A Social-Legal Analysis of Reforms in the Regulation of Sex Work: The Case Study of End Demand Legislation in Israel
DOI:
https://doi.org/10.19164/ijgsl.v2i1.1254Abstract
This article proposes an innovative approach to analysing legal and policy reforms in the regulation of sex work. Using the development of the Israeli 2019 Prohibition on the Consumption of Prostitution Act (hereinafter: End Demand Law) as a case study, we develop a socio-legal analytical framework which combines three elements: 1) the relationship between the “law on the books” and the “law in action” in the context of sex work policy – what are the distributive outcomes of the act? How is it implemented, who gets impacted by it, to which degree and why? 2) the importance of existing legal and policy baselines to evaluate new policy approaches. We argue that the baseline is key not only to understanding policy trajectories, but also to evaluating differences in perception of ‘End Demand’ legislation in different jurisdictions; 3) the lived experience of those affected by the policy. In our case study, sex workers are the population most directly impacted - we include their voices through interviews as well as secondary sources and focus on their perception of the law and its impact on their lives, options, livelihoods, and feminism.

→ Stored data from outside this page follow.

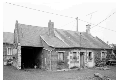
Logis. Elévation postérieure. IVR22_19846000995X
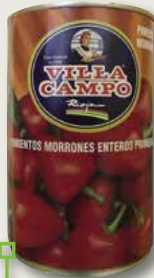
Pebrot morró 1ª VILLACAMPO 1/2 Kg
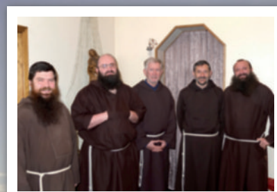
...dan di Islandia

yang berasal terutama dari Polandia. Saudara berusaha agar terbuka terhadap semua orang. Pengetahuan bahasa Polandia membantu mereka dalam karya pastoral”. “Apa yang sedang diperbuat di sana -- diteruskan oleh Minister general -- sesuai dengan prinsip siap pergi ke tempat ke mana orang tidak bersedia pergi”. Kehadiran kita di Islandia memerlukan tambahan tenaga dan uskup bersedia menyediakan rumah dan mempercayakan pelayanan di ibu kota sendiri. Islandia ternyata pulau terbuka dan mengharap saudara kapusin lain yang berani.
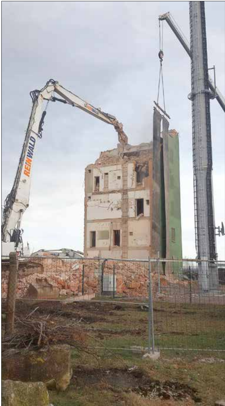
Abriss Grüner Turm, 2021
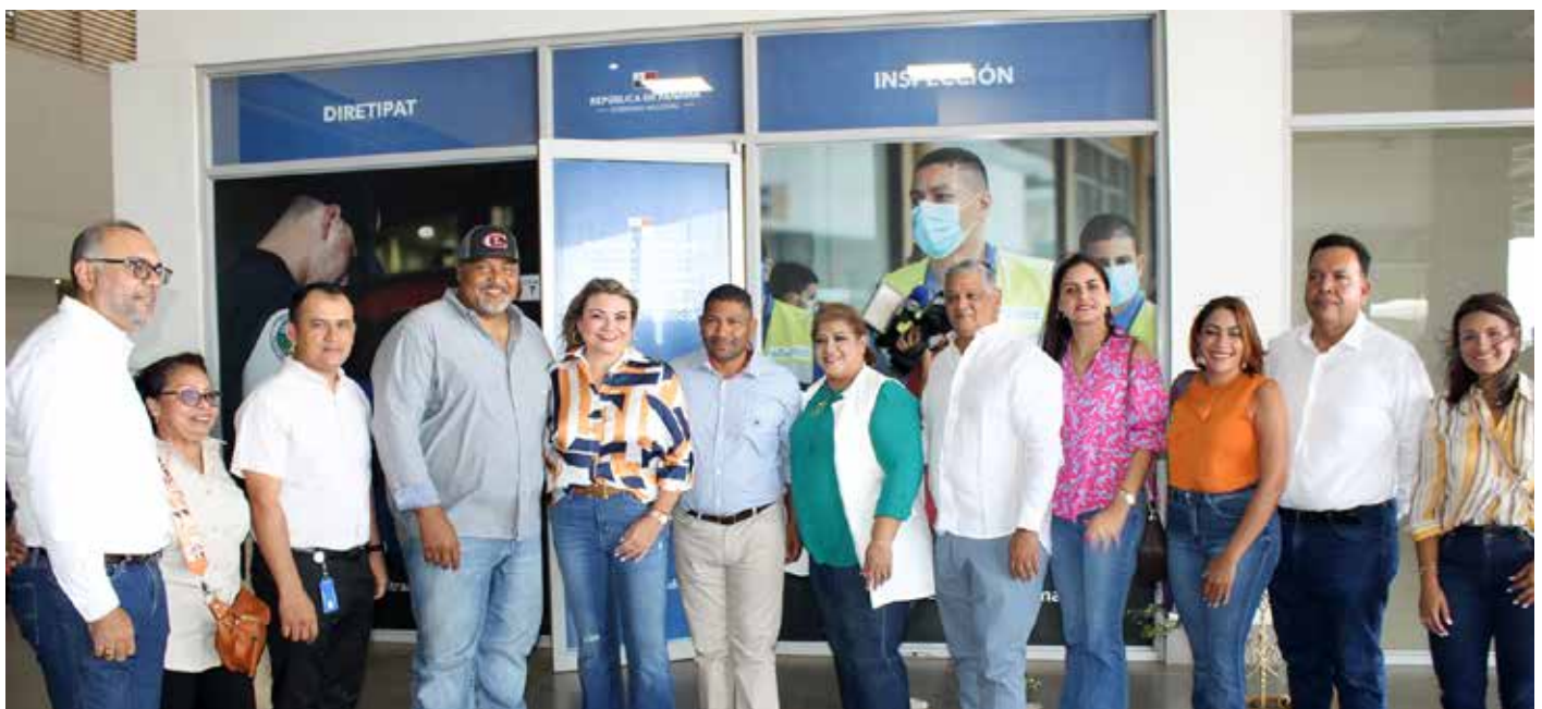
Se ofrecen espacios amigables, tanto para las personas con discapacidad como para los agentes del sector productivo.

entre otras. La nueva Regional de Trabajo de Coclé se encuentra en la Gran Terminal de Aguadulce, ubicada en la comunidad de Cerro Morado, distrito de Aguadulce.
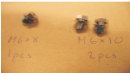
Tornillos M6 8mm y M6 10mm para horquilla delantera

Para facilitar el montaje de tu bicicleta Pilen te pedimos que sigas los pasos descritos a continuación. Puedes ensamblar la bicicleta en aproximadamente 15-30 minutos y las herramientas que necesitas son una llave inglesa y una llave allen. Abre la caja y saca todo el contenido. Retira el plástico del cuadro y todo el material de protección. Junto con la parte parcialmente ensamblada de la bicicleta encontrarás la rueda delantera con guardabarros, manillar y potencia, una caja de accesorios que contiene el sillín, tija de sillín, dos pedales y varios tornillos y tuercas.
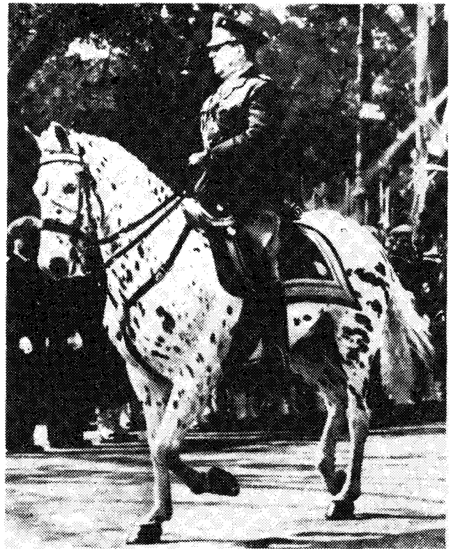
Juan Domingo Perón.

Der Hinauswurf von Frau Peróns Rasputin wurde allgemein als Sieg für die argentinischen Arbeiter angesehen. Weit bedeutsamer jedoch war der Bruch, der sich zwischen der Arbeiterbewegung und den führenden Köpfen der peronistischen

Combining these three elements, our analytical framework is used to evaluate the dynamics of change in the regulation of sex work in the context of the Israeli End Demand Law - how it came about, which baselines it emerged from and which international influences affected it, but also how Israeli anti-prostitution governance feminists influenced the legislative and policymaking process. We pay equal attention to sex workers’ voices not only as the most affected population, but also as political actors, activists and aspiring governance feminists in the Israeli context, who were marginalised in the legislative process.